Cherreads

Chapter 38 - Chapter 38: The Edge Emerges

The "marriage signal" meticulously released by Alessandro Visconti struck Milan's social scene like a boulder dropped into a still pond. The resulting waves swept through every corner within forty-eight hours. From private clubs on Via Monte Napoleone to art salons in Brera, from financial journalists' private message groups to luxury PR afternoon teas, everyone whispered the same "reliable intelligence":

**Elisa Rossi's marriage to her small-town husband is effectively over. Alessandro Visconti, heir to Visconti Bank, is actively courting her. Both families view the union favorably. This is not merely romance, but a key strategic move for the Rossi family to escape its current crisis and perhaps even regain its former glory.**

The sources were described as shadowy—"individuals close to the Visconti family," "those familiar with the Rossi Group restructuring," even "witnesses" who claimed to have seen the couple sharing an intimate dinner at a top restaurant. The details were rich, the logic self-contained, as if the next episode of a dynastic saga had been prematurely leaked.

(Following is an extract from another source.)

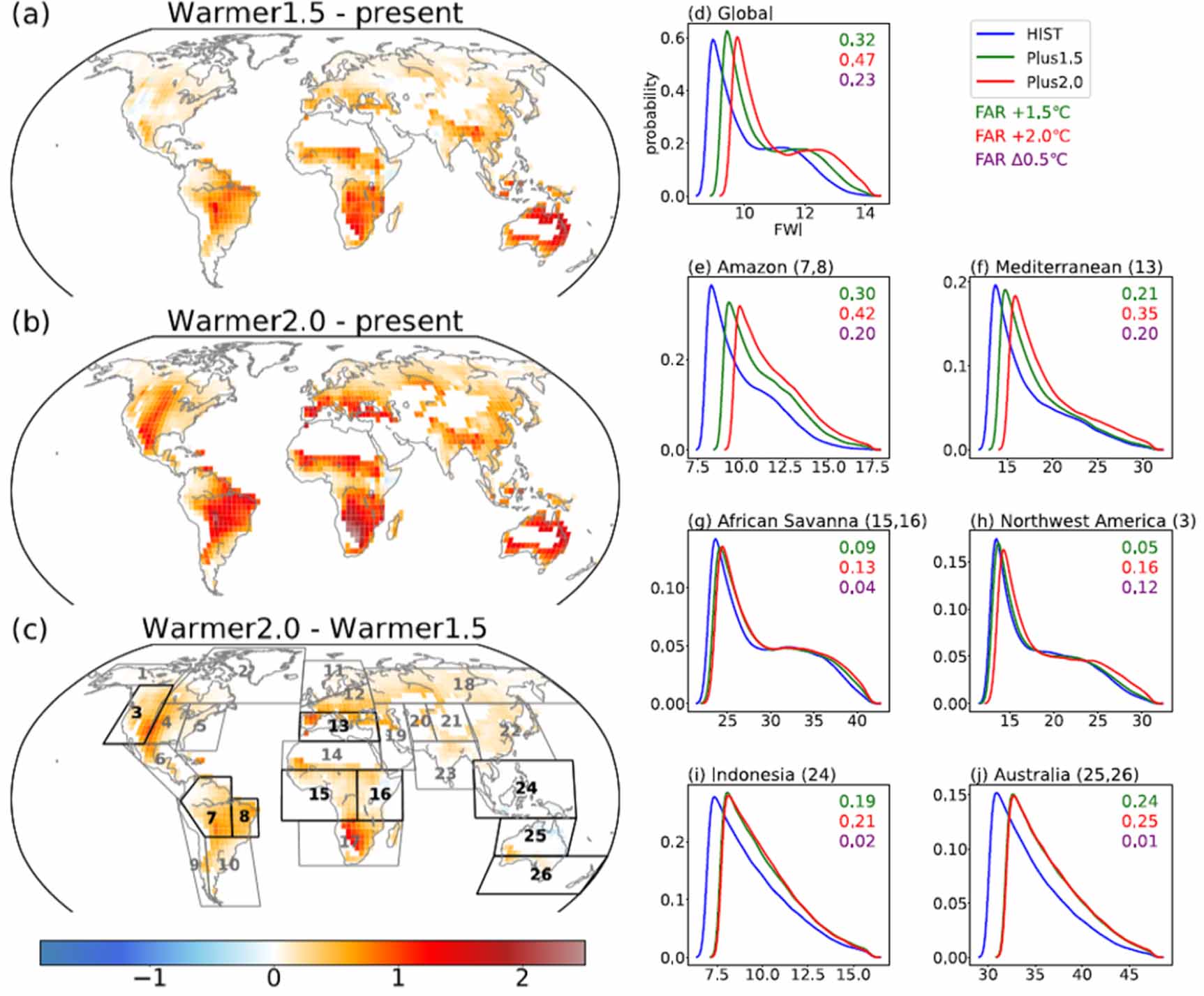 Figure 1. (a)–(c) Annual mean difference of FWI: (a) from 1.5 °C warmer scenario to present (2006–2015), (b) from the 2.0 °C to the present and (c) from the 2.0 °C to the 1.5 °C. Arid areas (shown in the figure S1(c)) and insignificant results (p > 0.01) are masked. (d)–(j) Kernel density estimations of annual mean FWI, spatially averaged based on the IPCC AR5 reference regions (shown in (c), www.ipcc-data.org/guidelines/pages/ar5_regions.html). (d) Global, (e) Amazon, (f) Mediterranean, (g) African savanna, (h) Northwest America, (i) Indonesia and (j) Australia. FAR indicates the fraction of attributable risk for each 1.5 °C (green) and 2.0 °C (red) to P90 (0.9 quantile) in the present and between 1.5 °C and 2.0 °C (purple), respectively. The y-axis explains the probability of FWI (x-axis).

Elisa's response to these sudden, intensifying rumors was absolute silence.

She did not confirm, deny, or explain. When cornered by reporters in public with pointed questions, she merely swept her ice-blue eyes calmly, even with a hint of weariness, over the cameras and microphones before walking away under her bodyguard's escort, leaving no words behind. In high-level internal meetings at the Group, even when someone's gaze flickered or they seemed on the verge of speaking, she appeared oblivious, focusing entirely on financial statements, supply chain data, and new market expansion plans.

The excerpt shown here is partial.